TASK GOAL> Omit the pictures found among the records and print everything else exactly as it stands.

*** THE DATA ***

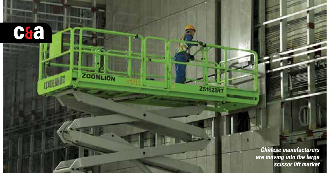
Chinese manufacturers are moving into the large scissor lift market

The growth in Chinese produced machines on the world stage is not new, but over the past 12 months it has taken on a new and surprising turn, with European and North American buyers now beginning to take larger models. The received
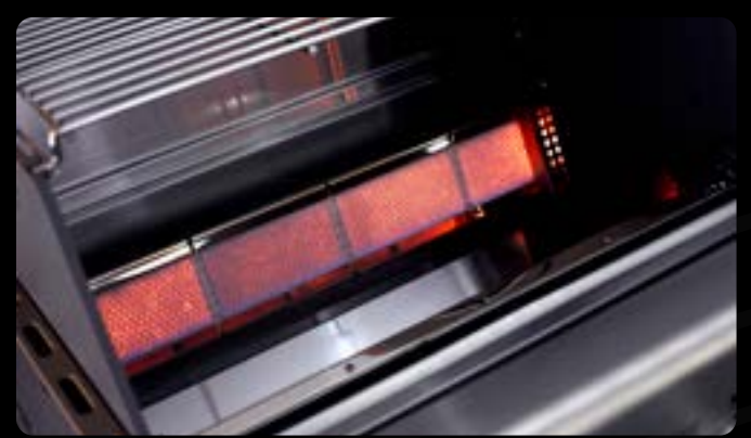
High intensity ceramic infrared burners
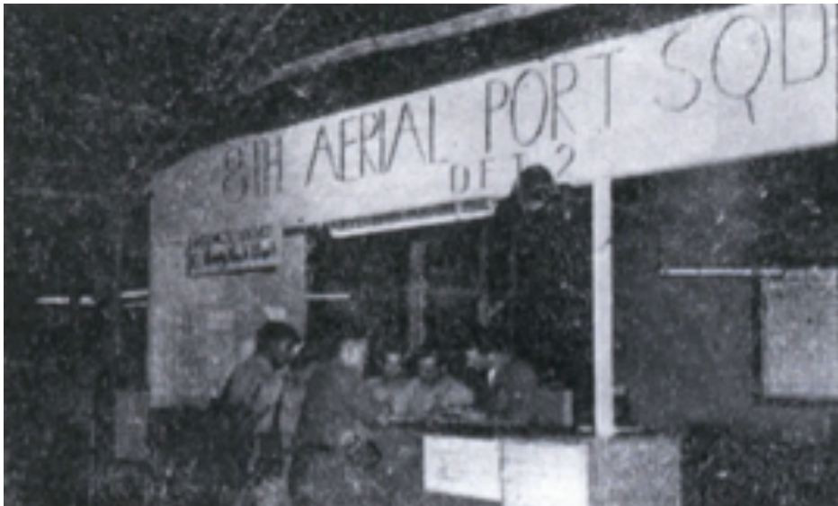
Det 2 at Da Nang

DEPARTMENT OF THE AIR FORCE UNIT HISTORIES

***

OUTPUT BELOW>
Chinese manufacturers are moving into the large scissor lift market

The growth in Chinese produced machines on the world stage is not new, but over the past 12 months it has taken on a new and surprising turn, with European and North American buyers now beginning to take larger models. The received
High intensity ceramic infrared burners
Det 2 at Da Nang

DEPARTMENT OF THE AIR FORCE UNIT HISTORIES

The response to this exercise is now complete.